Otto Fabian was the son of Alexander Emil Fabian (* 1805; † 1864) and Ernestine Wilhelmine Marie Fabian, née Erdmann (* 1822; † 1900) as well as a nephew of Karl Leopold Fabian , the progenitor of the Fabian family, who in the following years different Prussian mountain officials belonged. Otto Fabian attended the municipal high school in Halle. After studying in his hometown and in Berlin, he completed his military service with the Halle Fusilier Regiment No. 36. In 1879 he became a mountain trainee and in 1883 a mountain assessor . As a mining inspector, he was initially at the Saarbrücken mining department , then at the Neunkirchen mining inspection departmentactive.
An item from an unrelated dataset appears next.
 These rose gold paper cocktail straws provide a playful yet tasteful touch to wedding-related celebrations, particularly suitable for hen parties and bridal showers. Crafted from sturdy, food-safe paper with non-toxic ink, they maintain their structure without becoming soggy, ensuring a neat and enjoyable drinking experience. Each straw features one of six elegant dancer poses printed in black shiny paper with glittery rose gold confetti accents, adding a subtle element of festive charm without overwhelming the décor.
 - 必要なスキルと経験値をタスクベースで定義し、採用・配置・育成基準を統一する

From 1887 to 1897 Fabian worked as a mine director and director of the mining inspection in Dudweiler . In 1889 he had already received the Bergrat award .
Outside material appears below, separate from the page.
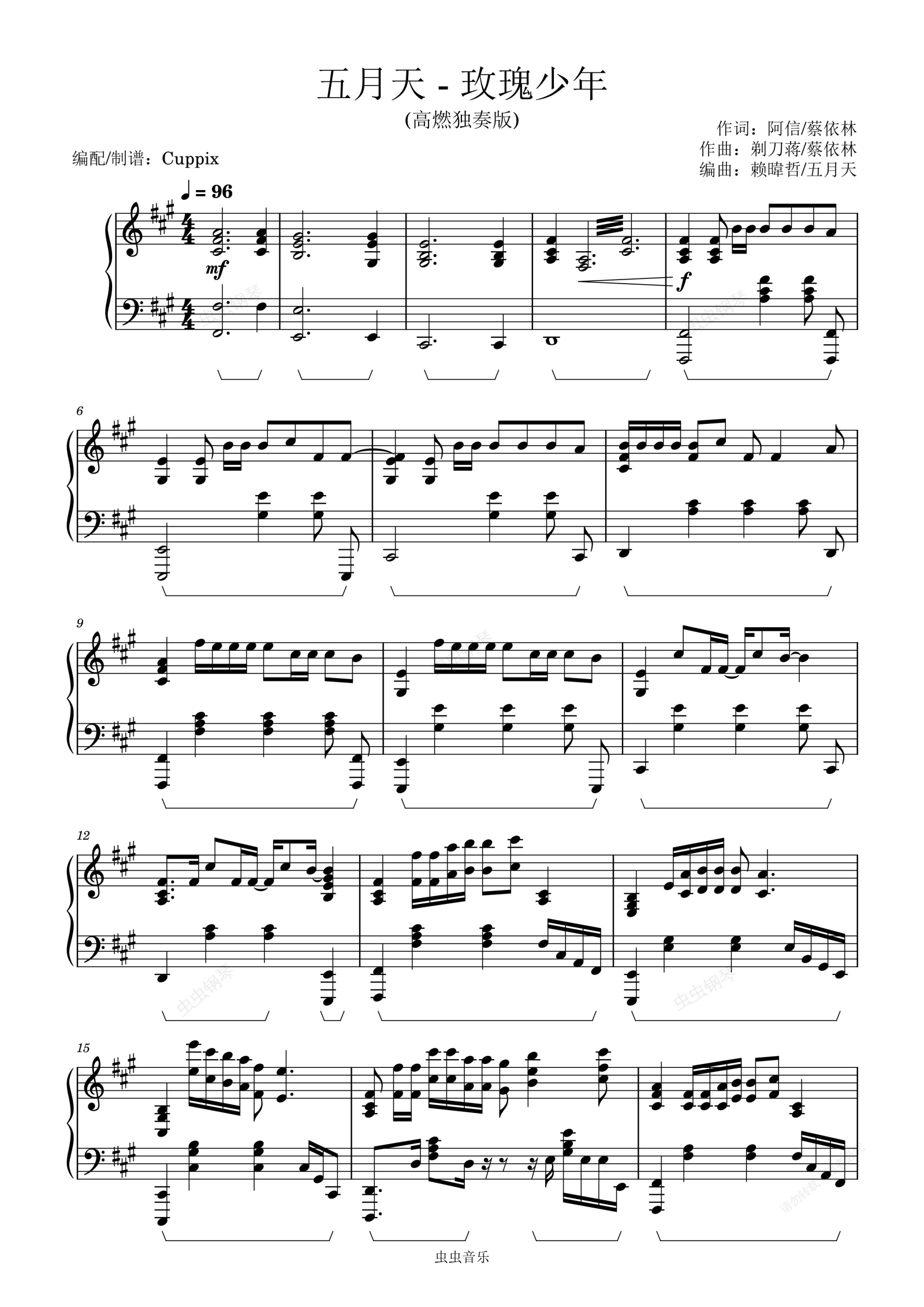 钢琴谱:五月天《玫瑰少年》Cuppix编配-高燃独奏版

In 1897 he resigned from the Prussian civil service and was then general director of Zeitzer Paraffin and Solar Oil Factory AG, based in Halle, until 1912. At the same time, Fabian was chairman of the Knappschafts-Berufsgenossenschaft in the central German lignite mining area from 1902 and founded the world's first psychiatric hospital for miners in 1913 ("Bergmannswohl" in Schkeuditz ). He was also the founding father of the first Central German lignite syndicate (1909 to 1913), for which the mining entrepreneurs involved elected him as chairman of the board. Since 1907 he was also a member of the supervisory board of Anhalt-Dessauische Landesbank, which he took over as chairman in 1921. At the same time he was chairman of the German Brown Coal Industry Association (DEBRIV).
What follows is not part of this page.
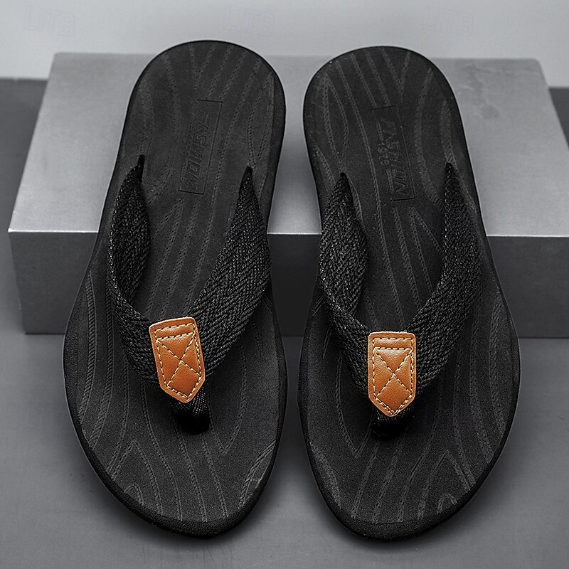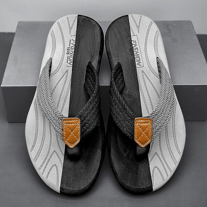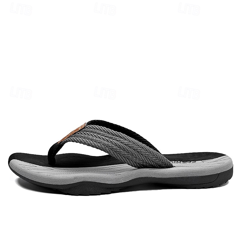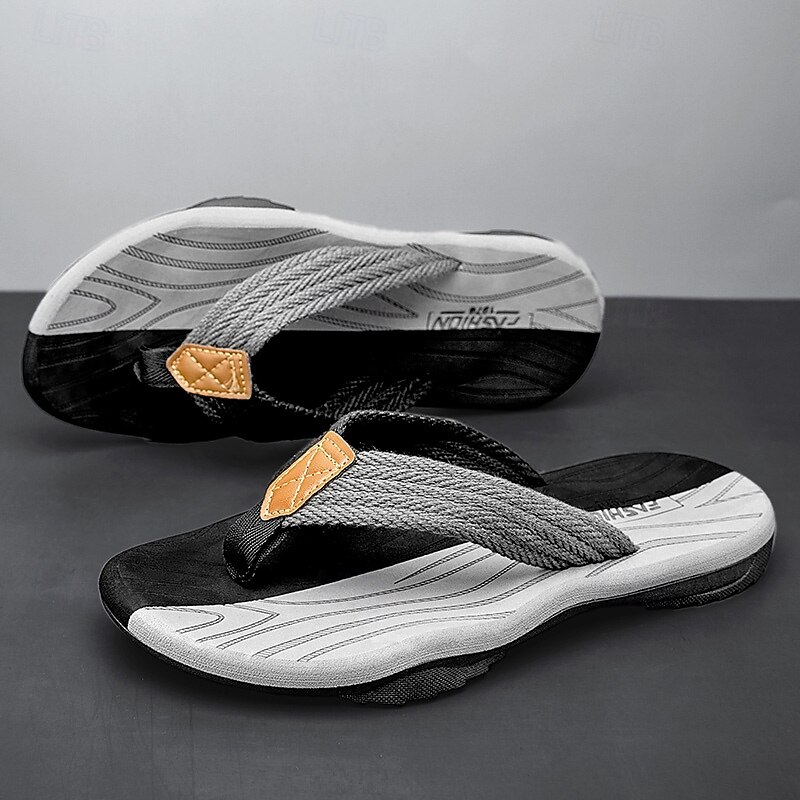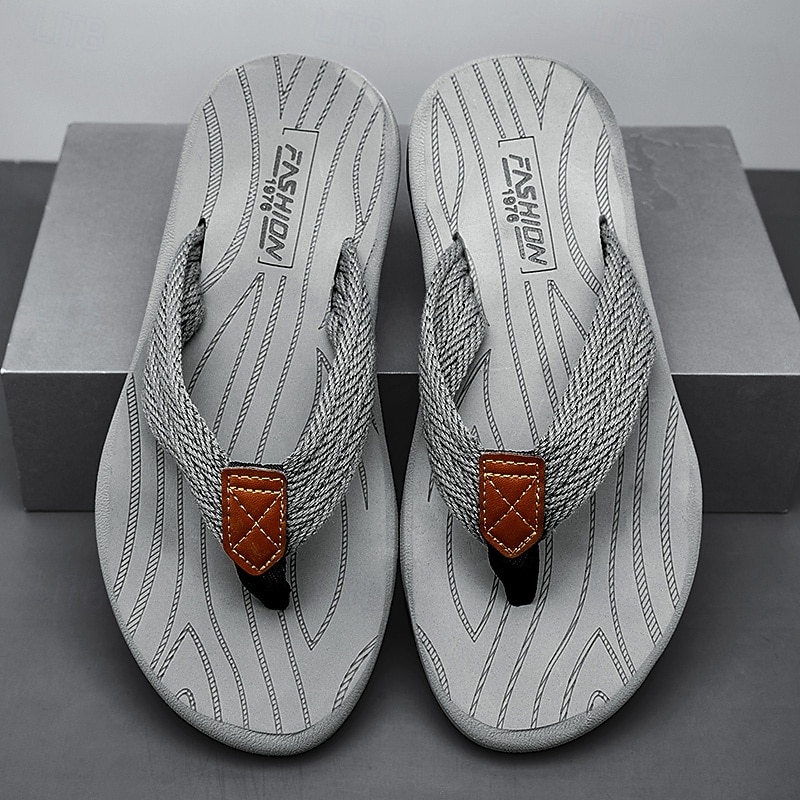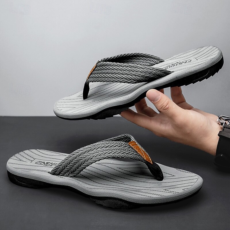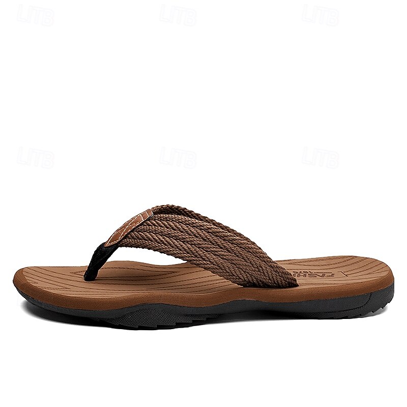 Men's Casual Flip Flops - Durable Textured Sole with Braided Straps for Beach, Pool and Everyday Summer Wear 35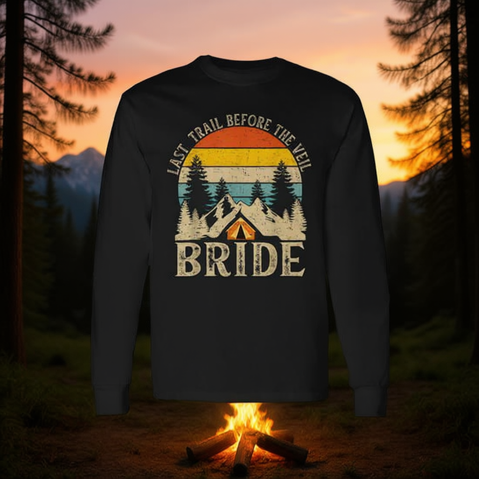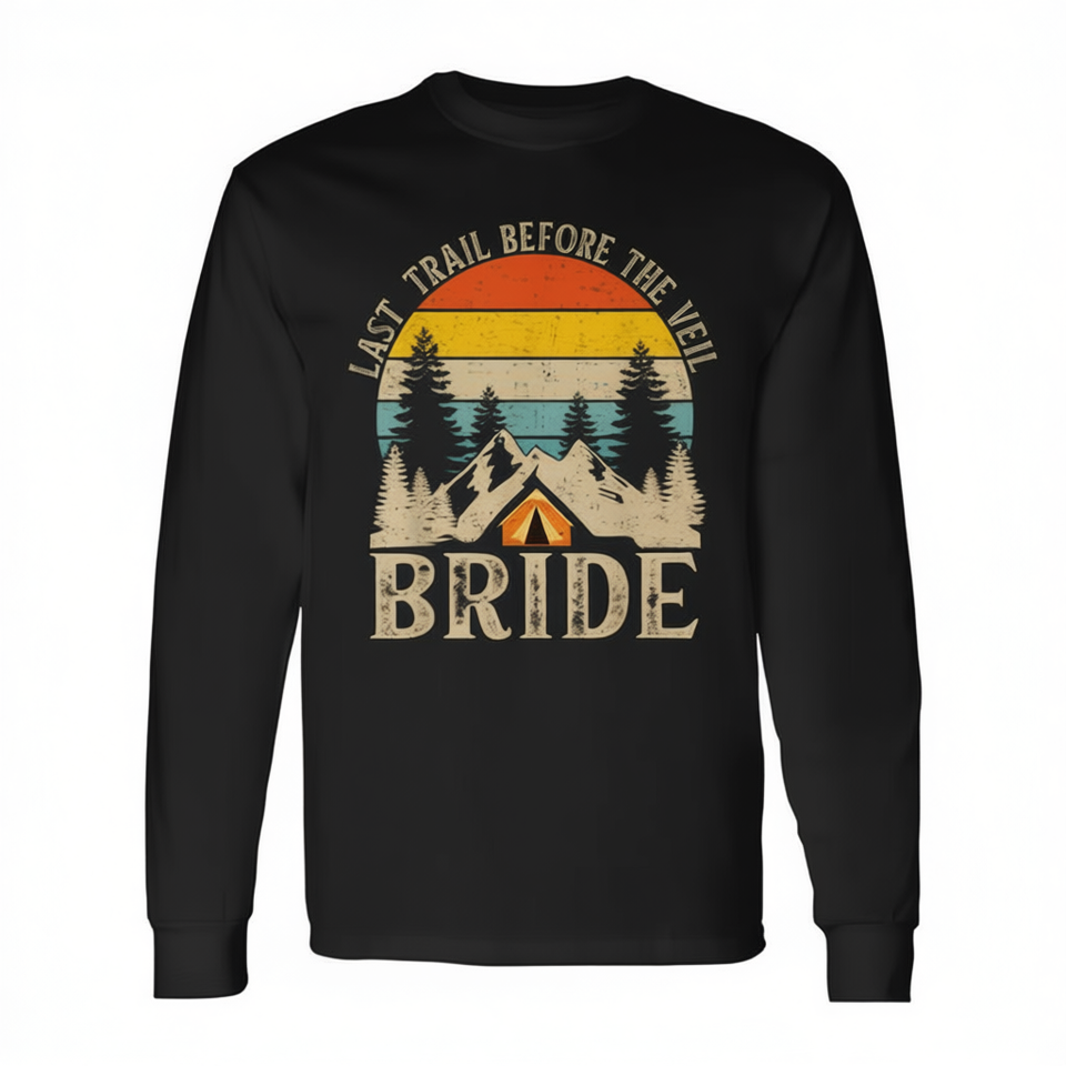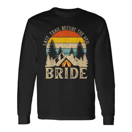 เสื้อยืดแขนยาวสไตล์วินเทจสำหรับงานเลี้ยงสละโสด "Last Trail Before the Veil Bride Retro Camp" เสื้อยืดโปรโมชั่นสไตล์วินเทจสำหรับเจ้าสาว

After the outbreak of World War II he enlisted at the age of 58 as a volunteer and was a battalion commander seriously wounded, for which he the Verwundetenabzeichen received. At the same time, Fabian was a holder of other high orders of merit (see awards and titles). Since the merger of Zeitzer Paraffin- und Solarölabrik AG into A. Riebeck'sche Montanwerke AG , with an interruption during the First World War, from 1912 to 1938 he was a permanently re-elected member of the supervisory board of Riebeck'sche Montanwerke (from 1926 a subsidiary of IG Colors ). In addition, he was President of the Chamber of Commerce and Industry in Halle from 1921 to 1924 , after which he was Honorary President until his death. Otto Fabian died in his hometown at the age of 81.

Awards and titles

Web links

Individual evidence

  1. Otto Fabian ( 1856-1938 ) Generalogy Ancestry, accessed October 25, 2019.
  2. Fabian, Otto Deutsche Biografie, accessed on October 25, 2019.
  3. Beeckmann, E. Jüngst: Glückauf. Berg- und Hüttenmännische magazine. Volume 63, no.14 . Glückauf Verlag, 1927, p. 492. Delibra, accessed on October 26, 2019.
  4. ^ Irmtraud Dalchow: The Chamber of Commerce and Industry Halle-Dessau. 150 years of chamber history in Central Germany. 1844-1994. Festschrift of the IHK Halle-Dessau for the 150th anniversary. Halle-Dessau Chamber of Commerce and Industry, 1995, p. 242.
  5. Beeckmann, E. Jüngst: Glückauf. Berg- und Hüttenmännische magazine. Volume 63, no.14 . Glückauf Verlag, 1927, p. 492. Delibra, accessed on October 26, 2019.
  6. Beeckmann, E. Jüngst: Glückauf. Berg- und Hüttenmännische magazine. Volume 63, no.14 . Glückauf Verlag, 1927, p. 492. Delibra, accessed on October 26, 2019.
  7. See annual reports A. Riebeck'sche Montanwerke AG Otto Fabian in the 20th century press kit of the ZBW - Leibniz Information Center for Economics .
  8. ^ Irmtraud Dalchow: The Chamber of Commerce and Industry Halle-Dessau. 150 years of chamber history in Central Germany. 1844-1994. Festschrift of the IHK Halle-Dessau for the 150th anniversary. Halle-Dessau Chamber of Commerce and Industry, 1995, p. 242.
  9. Beeckmann, E. Jüngst: Glückauf. Berg- und Hüttenmännische magazine. Volume 63, no.14 . Glückauf Verlag, 1927, p. 492. Delibra, accessed on October 26, 2019.